Allah ne verdiyse koşuyorum. Enes büyük ihtimalle hayatındaki en büyük şoku yaşayacak. Kolunu tuttuğunu gördüm. Uzaktan bile Enes'in kolunun kızardığı belli oluyor.  Ömer kolu biraz daha sıktırınca kolu morarıyor. Yazık... Şerefsizlik yaparsan o kolun daha çok morarır.

Sonra bir anda geri dönüyorum. İçimden "Aman banane ölse bile hak ediyor. Piç, salak, aptal, otizimli, eşek.

Sınıfa geri dönüyorum. Sınıf öğretmenimle konuşmalı mıyım? Bu konuyu bilecek kişiler; ben, Eylül, Ömer ve sınıf öğretmenim Sena hoca. Bitti. Yayılmasından korkuyorum. Utanıyor muyum? Hayır sadece kendi kendime intikam alacağım.
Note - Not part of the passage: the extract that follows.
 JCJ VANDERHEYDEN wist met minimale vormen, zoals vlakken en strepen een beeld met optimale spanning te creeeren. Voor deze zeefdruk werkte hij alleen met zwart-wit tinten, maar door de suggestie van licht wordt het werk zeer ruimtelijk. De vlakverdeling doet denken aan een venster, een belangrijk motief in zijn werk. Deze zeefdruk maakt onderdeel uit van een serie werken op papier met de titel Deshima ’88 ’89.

Bu intikam nasıl olacak bilmiyorum. Ancak, bildiğim tek şey tacizden daha acı bir intikam olacak.

Tenefüsün bitmesine daha 7 dakika var. Öğretmenler odası en üst katta. Bu sayede nöbetçi olup olmadığını görebileceğim. Üst kata çıkarak aramaya başlıyorum. Gözlerim Sena hoca gözlüyor. Bu kattaki nöbetçi hoca sosyal öğretmenimiz Hayri hoca. Biraz hayal kırıklığıyla üst kata çıkıyorum. Bu katta da fen bilimleri öğretmenimiz Yelda hoca var. Of hadi ama bu kadar şanssız olamam. Şu anda dördüncü kattayım. Sonunda Sena hocayı görebiliyorum. Yanına geliyorum. "Hocam biraz konuşabilir miyiz?" diyorum. Sena hoca "tabii ki, gel bahçeye çıkalım" diyor.
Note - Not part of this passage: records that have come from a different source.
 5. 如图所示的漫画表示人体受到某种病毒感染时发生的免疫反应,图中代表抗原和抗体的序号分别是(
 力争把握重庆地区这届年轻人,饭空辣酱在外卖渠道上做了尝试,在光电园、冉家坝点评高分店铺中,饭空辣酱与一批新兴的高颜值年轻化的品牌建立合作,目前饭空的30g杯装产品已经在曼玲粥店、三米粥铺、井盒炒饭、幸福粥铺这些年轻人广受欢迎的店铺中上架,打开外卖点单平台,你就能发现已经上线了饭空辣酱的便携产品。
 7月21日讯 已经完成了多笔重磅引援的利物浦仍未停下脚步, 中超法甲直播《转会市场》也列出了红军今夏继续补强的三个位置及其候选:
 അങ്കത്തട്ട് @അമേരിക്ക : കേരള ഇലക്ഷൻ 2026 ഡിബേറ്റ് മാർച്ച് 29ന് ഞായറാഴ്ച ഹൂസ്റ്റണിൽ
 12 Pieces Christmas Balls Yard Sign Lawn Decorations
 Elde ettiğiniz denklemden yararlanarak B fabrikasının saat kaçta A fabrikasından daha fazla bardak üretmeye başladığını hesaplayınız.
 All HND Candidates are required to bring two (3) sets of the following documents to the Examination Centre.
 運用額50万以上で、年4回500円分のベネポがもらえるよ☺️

Bilerek bahçenin en kıyı köşesine geçiyoruz. Birazdan Sena hocanın yüzündeki gülümseme kayıp olacak haberi yok...

"Hocam direkt konuya giriyorum; biliyorsunuz ben her derste Enes ile oturuyorum. Bu konuda çok rahatsız edici bir olay yaşadım. Matematik dersinde taciz edelim. Bunu söylerken utanıyorum ama aşırı rahatsız oldum. Benim yerimi değiştirebilir misiniz acaba?" Dedim. Hocanın eli ayağı titremeye başladı. Gözünden bir damla yaş aktı. Anlatırken ağlamamak için zor dirensemde dayanamayarak hocaya sarılıyorum. O anda ikimiz de birbirimizi sarılarak ağlıyorduk. Sena hocanın nefesini titrediğini hissedebiliyorum. Öylece ağladık hocamla. Ben 17 yaşında masum bir vokaldim. Kimseye zararı olmadan çalan bir melodi. Daha 18'imde bile değildim yani çocuk sayılırım. Nasıl bir şey yaşamıştım böyle? nasıl anlayamamıştım onu sapık olduğunu?
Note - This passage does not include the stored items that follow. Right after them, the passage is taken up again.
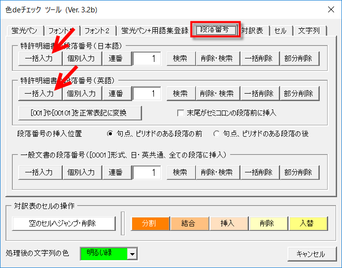 色deチェックで特許明細書の対訳表を作成するには、ご存じの通り段落番号が必要です。
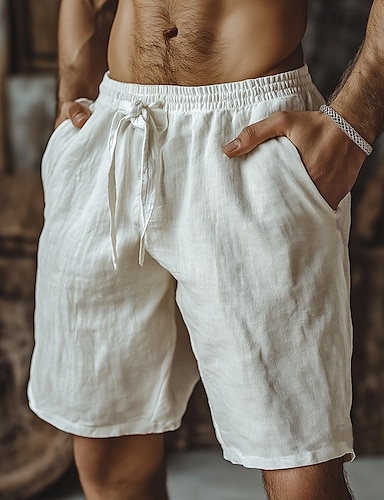 Herren Leinenshorts Sommershorts Strandshorts Kordelzug Elastischer Bund Reißverschlusstasche Einfach Einheitliche Farbe Komfort Weich Knielang Täglich Strand Mode Schick & Modern Blau Schwarz
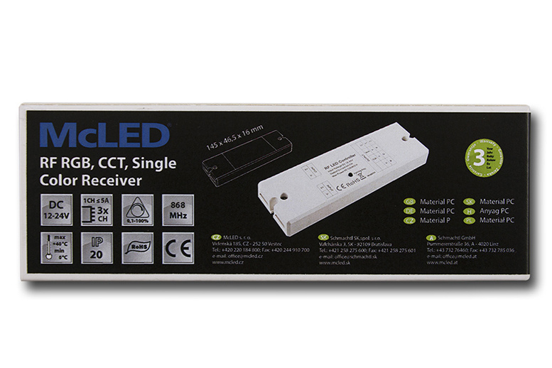 McLED Přijímač k dálkovému RF ovladači pro řízení jasu (stmívání) jednobarevných LED pásků, řízení RGB LED pásků a změnu teploty chromatičnosti CCT = double white LED pásků (RF ovladač není součástí). Rozměry: 145 x 46,5 x 16mm. Vstupní napětí: DC 12-24V. 3 kanály s max. zátěží 5A na 1 kanál (R/G/B = 3 kanály), celková zatížitelnost 120W/12V, 240W/24V. Po výpadku napájení si pamatuje poslední nastavenou hodnotu/režim. Každý přijímač může být ovládán max. 8 různými ovladači.

Saçlarım gözlerimin önüne gelerek ıslanıyordu göz yaşlarımda. Yapamdım, dokunma bana diyemedim. O kadar güçsüzdüm ki ağzımı oynatmaya mecalim yoktu.

Bu sırrım Ömer'e, Eylül'e, sayın hocama ve siz sayın okurlarıma emanet. Dayan vokal, seni susturamayacaklar...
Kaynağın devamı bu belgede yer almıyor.